Task statement — Once the line with "The heart of" is found in the entries below, repeat it and each following line exactly, up to and including the line with "The Deposit Details". Add no other lines.

Records supplied —
---*---

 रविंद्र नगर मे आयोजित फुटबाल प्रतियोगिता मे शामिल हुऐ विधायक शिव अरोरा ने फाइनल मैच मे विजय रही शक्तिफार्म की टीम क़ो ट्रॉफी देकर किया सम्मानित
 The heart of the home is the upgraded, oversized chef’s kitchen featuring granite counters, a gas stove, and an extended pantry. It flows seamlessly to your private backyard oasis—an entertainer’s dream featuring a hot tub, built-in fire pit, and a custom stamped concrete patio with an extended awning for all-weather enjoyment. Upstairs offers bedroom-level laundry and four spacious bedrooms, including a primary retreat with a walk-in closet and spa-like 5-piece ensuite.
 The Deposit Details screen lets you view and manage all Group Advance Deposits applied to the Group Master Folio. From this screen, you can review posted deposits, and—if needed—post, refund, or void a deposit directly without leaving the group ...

---*---

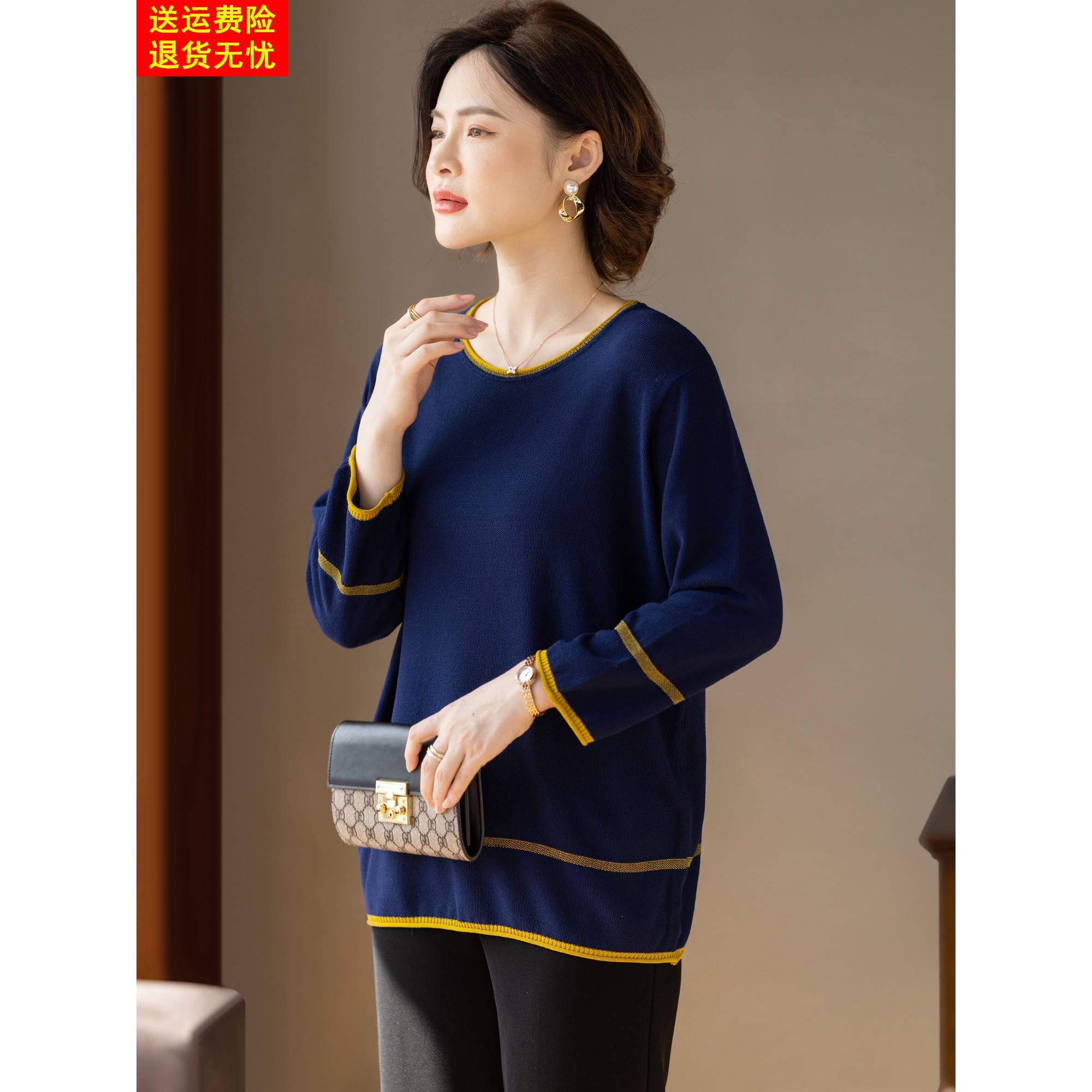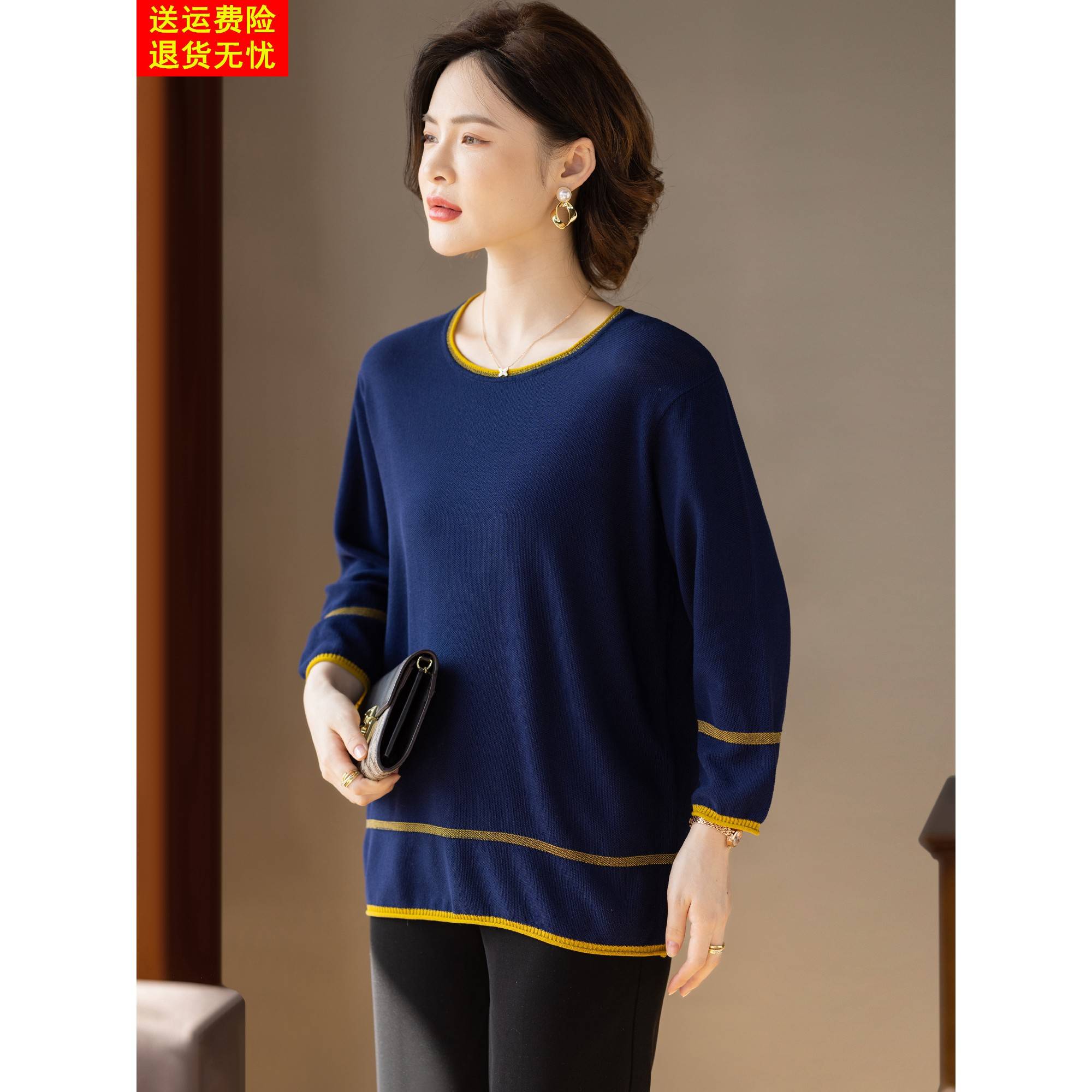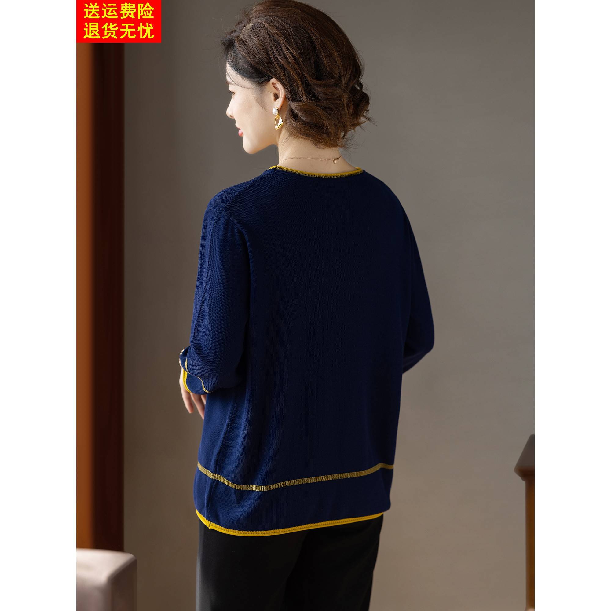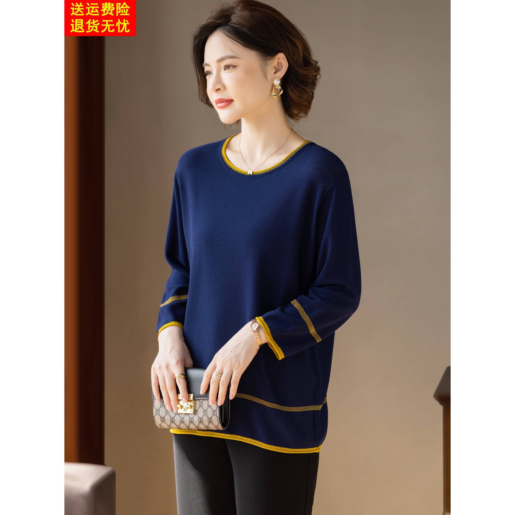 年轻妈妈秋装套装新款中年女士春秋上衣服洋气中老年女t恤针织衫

---*---

Answer to this exercise —
 The heart of the home is the upgraded, oversized chef’s kitchen featuring granite counters, a gas stove, and an extended pantry. It flows seamlessly to your private backyard oasis—an entertainer’s dream featuring a hot tub, built-in fire pit, and a custom stamped concrete patio with an extended awning for all-weather enjoyment. Upstairs offers bedroom-level laundry and four spacious bedrooms, including a primary retreat with a walk-in closet and spa-like 5-piece ensuite.
 The Deposit Details screen lets you view and manage all Group Advance Deposits applied to the Group Master Folio. From this screen, you can review posted deposits, and—if needed—post, refund, or void a deposit directly without leaving the group ...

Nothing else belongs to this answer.